(Records drawn from a dataset)

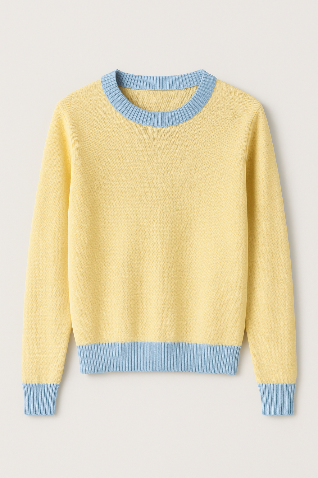 Este encantador suéter de mujer es una prenda perfecta para añadir un toque de frescura y dulzura a tu look. Está confeccionado en un tejido de punto suave y ligero, ideal para entretiempo. Su diseño en tono amarillo pastel se realza con elegantes ribetes en azul celeste en el cuello, puños y bajo, creando un contraste delicado y moderno.
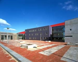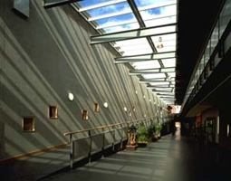 Ten noordwesten van deze wand bevinden zich het schoolplein, de aula en sporthallen, als transitie naar het groengebied aan die zijde. Het gebouw functioneert niet alleen als school en bibliotheek, door de vorm en de vloeiende overgang met de buitenwereld vormt het complex een baken in het landschap. Hierdoor wordt het landschap verrijkt door een object dat niet alleen gezien mag worden, maar ook intensief wordt benut.
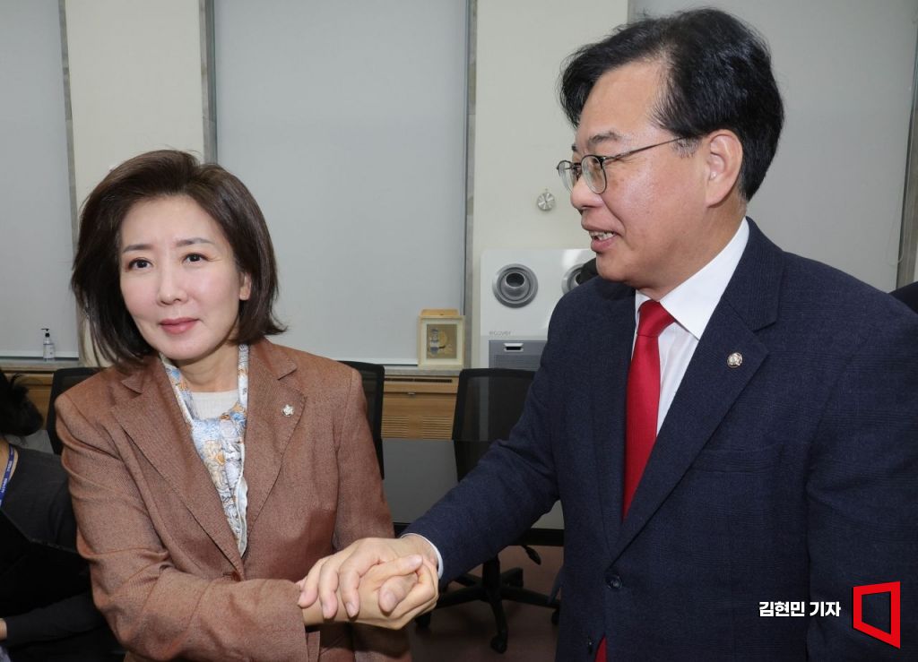 송언석 국민의힘 원내대표가 10일 서울 여의도 국회에서 현안관련 기자회견에 앞서 나경원 의원과 대화를 나눈 뒤 손을 잡고 있다.
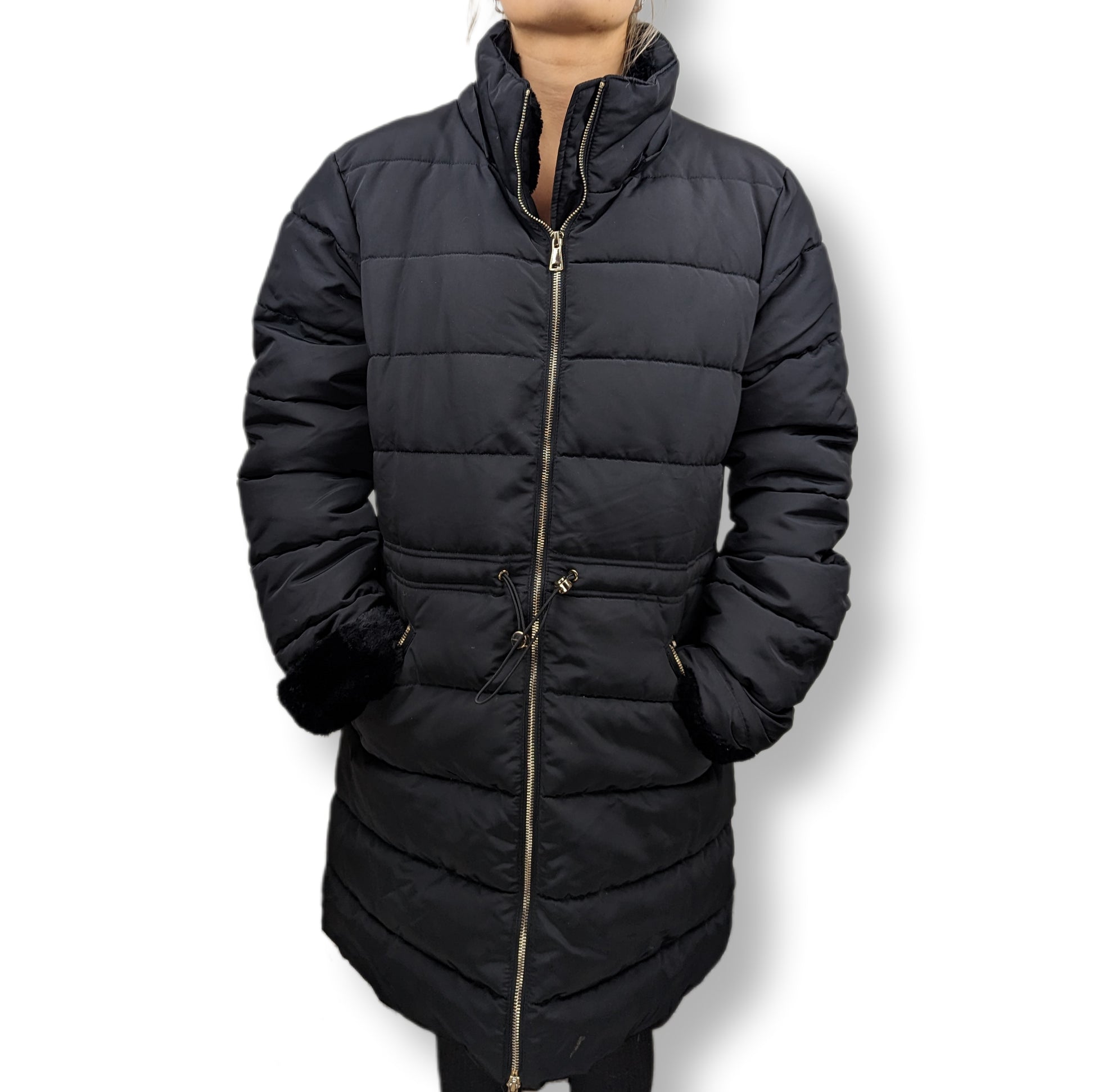 Golddigga Black Puffer Coat Women Size UK 16
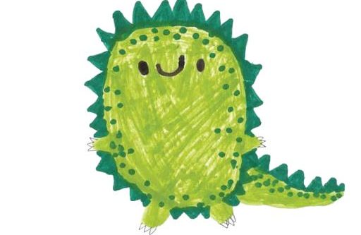 Taggigt grönt djur. Designat av Greta, 8 år, Sverige
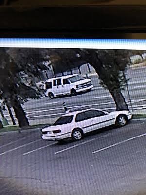 The suspect vehicle is described as a white 1996-2000 Chevy Express Passenger Van with windows all around. The window behind the driver has a sun shade with an upside down Honda logo and the back window of the van has a red “Temporary Registration” card with a white No. 6 on it. The vehicle’s plate has a decorative plate with “FMU” on it in possibly white and red.
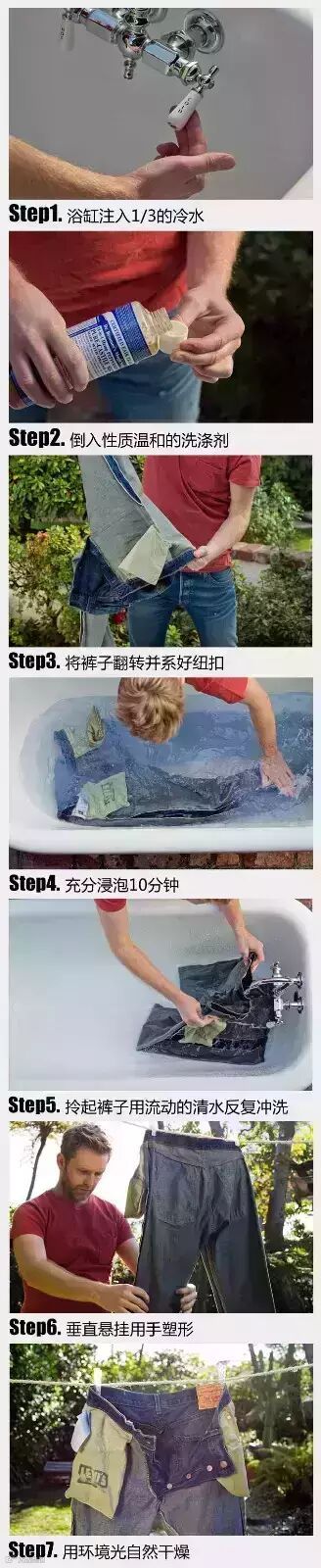 清洗牛仔裤的最佳场所是浴缸!冷水浸泡、清水漂洗、悬挂晾干,如果你愿意,穿着牛仔裤躺在浴缸里是最完美的清洗方法!
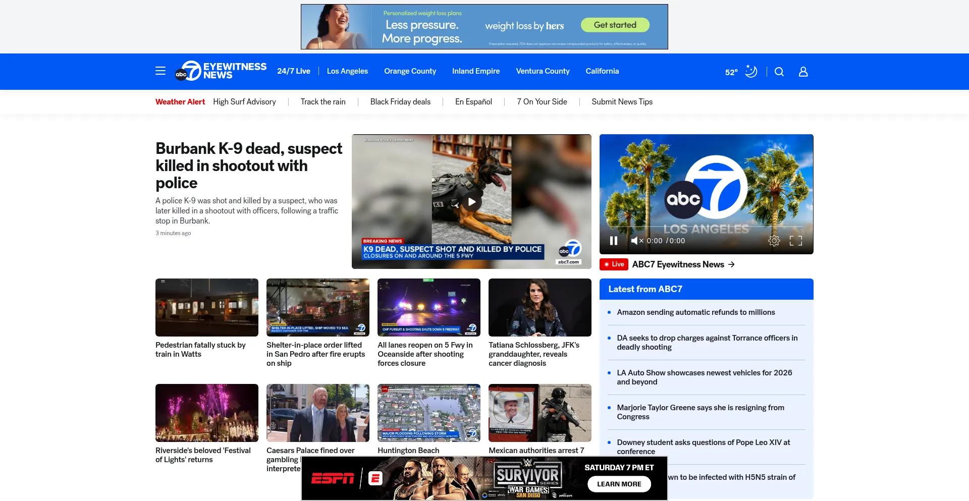Los Angeles' source for breaking news and live streaming video online. Covering Los Angeles, Orange County and all of the greater Southern California area.
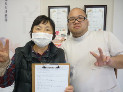 病院で何回も膝の水を抜いて痛み止めを打ったけど、全然膝痛が良くならなくて、水を抜いてもすぐに元に戻っていました。歩くと膝がすごく痛くて、階段を降りるのが大変で我慢できなかったので来院しました。
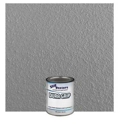 Dura Grip High-Performance Non-Slip Epoxy Paint is an anti-slip paint coating specifically designed to provide a hard, durable barefoot-friendly textured non-slip paint finish on a variety of substrates. Dura Grip non-slip paint is ideal for use on slippery diamond-plate metal ramps, slippery garage floors, slippery boat decks, slippery trailers, slippery stairs, slippery locker room floors, slippery laundry room floors and other residential and industrial areas where anti-slip protection is desired. Dura Grip anti-slip paint coatings were designed to prevent slips and falls in your home and business. Built to last, Dura Grip is a tough and durable anti-slip paint that can be used on multiple types of surface including slippery steel ramps, slippery fiberglass, slippery aluminium floors, slippery concrete floors, slippery wooden floors and decks, slippery tiled floors and other slippery natural stone floors. It’s perfect as a non-slip commercial paint and non-slip residential paint for floors and you can walk comfortably on Dura Grip even with bare feet. Dura Grip anti-slip textured paint is available in three sizes and an assortment of colors including black, clear, dark brown, light gray, medium gray, safety blue, safety yellow, safety red, sand and white. Dura Grip anti-slip paint offers a simple non-slip paint solution to reduce the likelihood of slip-and-fall injuries. Application of our high-performance textured anti-slip epoxy paint coating provides safe foot traffic in both wet and dry conditions. Single component, the oil-based anti-slip paint coating is chemical resistant and durable to withstand heavy traffic. The barefoot-friendly non-slip floor paint texture offers non-skid protection for bare feet and tender paws, making it perfect for decks and patios. Equally effective for tough surfaces such as slippery aluminum ramps, slippery truck lift gates, slippery metal stairs and ideal to paint slippery ceramic or porcelain tiles.
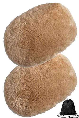 Miya Варежки из овчины для мытья автомобиля, Набор из 2 штук, 100% австралийская шерсть, Щетка из овчины, Профессиональная швабра для мытья автомобиля (Верблюжий цвет)

■ Exercise instructions: What you should return is the exact text of every line from the top of the entries through the line with "病院で何回も膝の水を抜いて痛", pictures removed.

■ Answer below:
 Este encantador suéter de mujer es una prenda perfecta para añadir un toque de frescura y dulzura a tu look. Está confeccionado en un tejido de punto suave y ligero, ideal para entretiempo. Su diseño en tono amarillo pastel se realza con elegantes ribetes en azul celeste en el cuello, puños y bajo, creando un contraste delicado y moderno.
 Ten noordwesten van deze wand bevinden zich het schoolplein, de aula en sporthallen, als transitie naar het groengebied aan die zijde. Het gebouw functioneert niet alleen als school en bibliotheek, door de vorm en de vloeiende overgang met de buitenwereld vormt het complex een baken in het landschap. Hierdoor wordt het landschap verrijkt door een object dat niet alleen gezien mag worden, maar ook intensief wordt benut.
 송언석 국민의힘 원내대표가 10일 서울 여의도 국회에서 현안관련 기자회견에 앞서 나경원 의원과 대화를 나눈 뒤 손을 잡고 있다.
 Golddigga Black Puffer Coat Women Size UK 16
 Taggigt grönt djur. Designat av Greta, 8 år, Sverige
 The suspect vehicle is described as a white 1996-2000 Chevy Express Passenger Van with windows all around. The window behind the driver has a sun shade with an upside down Honda logo and the back window of the van has a red “Temporary Registration” card with a white No. 6 on it. The vehicle’s plate has a decorative plate with “FMU” on it in possibly white and red.
 清洗牛仔裤的最佳场所是浴缸!冷水浸泡、清水漂洗、悬挂晾干,如果你愿意,穿着牛仔裤躺在浴缸里是最完美的清洗方法!
Los Angeles' source for breaking news and live streaming video online. Covering Los Angeles, Orange County and all of the greater Southern California area.
 病院で何回も膝の水を抜いて痛み止めを打ったけど、全然膝痛が良くならなくて、水を抜いてもすぐに元に戻っていました。歩くと膝がすごく痛くて、階段を降りるのが大変で我慢できなかったので来院しました。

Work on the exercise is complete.